**PROBLEM DETAILS**
In the entries that follow, copy exactly each line from the first through the line with "Nydelig hjemmestrikket Mariusgenser".

(Collected data entries)
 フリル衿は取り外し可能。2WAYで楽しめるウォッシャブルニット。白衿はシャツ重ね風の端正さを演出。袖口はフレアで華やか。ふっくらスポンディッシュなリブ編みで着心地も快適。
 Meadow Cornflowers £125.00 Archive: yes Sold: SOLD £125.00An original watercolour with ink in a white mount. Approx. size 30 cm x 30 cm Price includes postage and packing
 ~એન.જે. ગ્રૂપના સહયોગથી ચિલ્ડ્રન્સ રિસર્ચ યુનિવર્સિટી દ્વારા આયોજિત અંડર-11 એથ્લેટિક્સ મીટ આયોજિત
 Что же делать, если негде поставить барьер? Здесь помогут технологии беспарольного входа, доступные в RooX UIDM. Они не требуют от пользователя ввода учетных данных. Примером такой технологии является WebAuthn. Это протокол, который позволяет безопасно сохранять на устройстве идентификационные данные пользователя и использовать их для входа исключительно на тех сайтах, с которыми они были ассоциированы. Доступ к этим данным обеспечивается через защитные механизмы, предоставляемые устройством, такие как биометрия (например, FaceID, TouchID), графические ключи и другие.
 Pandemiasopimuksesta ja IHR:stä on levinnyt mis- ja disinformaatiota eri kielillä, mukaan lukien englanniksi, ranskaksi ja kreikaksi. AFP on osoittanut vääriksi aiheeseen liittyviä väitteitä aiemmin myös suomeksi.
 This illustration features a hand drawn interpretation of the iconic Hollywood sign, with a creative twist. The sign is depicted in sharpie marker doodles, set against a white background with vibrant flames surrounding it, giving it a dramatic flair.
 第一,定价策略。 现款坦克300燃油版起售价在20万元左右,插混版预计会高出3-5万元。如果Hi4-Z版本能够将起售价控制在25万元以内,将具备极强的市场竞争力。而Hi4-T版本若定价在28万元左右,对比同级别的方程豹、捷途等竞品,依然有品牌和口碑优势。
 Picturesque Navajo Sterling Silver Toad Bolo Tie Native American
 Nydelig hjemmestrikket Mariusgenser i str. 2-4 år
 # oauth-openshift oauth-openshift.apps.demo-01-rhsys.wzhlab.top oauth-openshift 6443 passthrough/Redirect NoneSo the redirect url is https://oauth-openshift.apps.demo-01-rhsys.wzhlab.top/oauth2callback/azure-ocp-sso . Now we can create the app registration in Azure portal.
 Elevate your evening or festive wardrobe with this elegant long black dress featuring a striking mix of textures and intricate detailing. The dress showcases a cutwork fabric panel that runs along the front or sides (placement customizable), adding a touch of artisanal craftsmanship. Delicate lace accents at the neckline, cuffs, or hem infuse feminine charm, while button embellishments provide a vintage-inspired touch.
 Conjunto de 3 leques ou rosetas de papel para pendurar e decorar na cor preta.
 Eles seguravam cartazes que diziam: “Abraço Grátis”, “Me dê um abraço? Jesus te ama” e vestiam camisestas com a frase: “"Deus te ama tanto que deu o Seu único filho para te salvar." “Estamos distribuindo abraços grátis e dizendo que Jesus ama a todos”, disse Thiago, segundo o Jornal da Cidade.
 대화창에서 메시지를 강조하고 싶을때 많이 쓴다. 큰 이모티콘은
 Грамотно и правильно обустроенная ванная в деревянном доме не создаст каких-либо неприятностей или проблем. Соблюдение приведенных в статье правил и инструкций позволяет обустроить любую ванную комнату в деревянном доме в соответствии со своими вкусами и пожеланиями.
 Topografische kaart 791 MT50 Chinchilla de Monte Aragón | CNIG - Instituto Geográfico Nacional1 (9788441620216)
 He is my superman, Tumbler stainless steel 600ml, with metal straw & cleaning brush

**EXERCISE ANSWER**
 フリル衿は取り外し可能。2WAYで楽しめるウォッシャブルニット。白衿はシャツ重ね風の端正さを演出。袖口はフレアで華やか。ふっくらスポンディッシュなリブ編みで着心地も快適。
 Meadow Cornflowers £125.00 Archive: yes Sold: SOLD £125.00An original watercolour with ink in a white mount. Approx. size 30 cm x 30 cm Price includes postage and packing
 ~એન.જે. ગ્રૂપના સહયોગથી ચિલ્ડ્રન્સ રિસર્ચ યુનિવર્સિટી દ્વારા આયોજિત અંડર-11 એથ્લેટિક્સ મીટ આયોજિત
 Что же делать, если негде поставить барьер? Здесь помогут технологии беспарольного входа, доступные в RooX UIDM. Они не требуют от пользователя ввода учетных данных. Примером такой технологии является WebAuthn. Это протокол, который позволяет безопасно сохранять на устройстве идентификационные данные пользователя и использовать их для входа исключительно на тех сайтах, с которыми они были ассоциированы. Доступ к этим данным обеспечивается через защитные механизмы, предоставляемые устройством, такие как биометрия (например, FaceID, TouchID), графические ключи и другие.
 Pandemiasopimuksesta ja IHR:stä on levinnyt mis- ja disinformaatiota eri kielillä, mukaan lukien englanniksi, ranskaksi ja kreikaksi. AFP on osoittanut vääriksi aiheeseen liittyviä väitteitä aiemmin myös suomeksi.
 This illustration features a hand drawn interpretation of the iconic Hollywood sign, with a creative twist. The sign is depicted in sharpie marker doodles, set against a white background with vibrant flames surrounding it, giving it a dramatic flair.
 第一,定价策略。 现款坦克300燃油版起售价在20万元左右,插混版预计会高出3-5万元。如果Hi4-Z版本能够将起售价控制在25万元以内,将具备极强的市场竞争力。而Hi4-T版本若定价在28万元左右,对比同级别的方程豹、捷途等竞品,依然有品牌和口碑优势。
 Picturesque Navajo Sterling Silver Toad Bolo Tie Native American
 Nydelig hjemmestrikket Mariusgenser i str. 2-4 år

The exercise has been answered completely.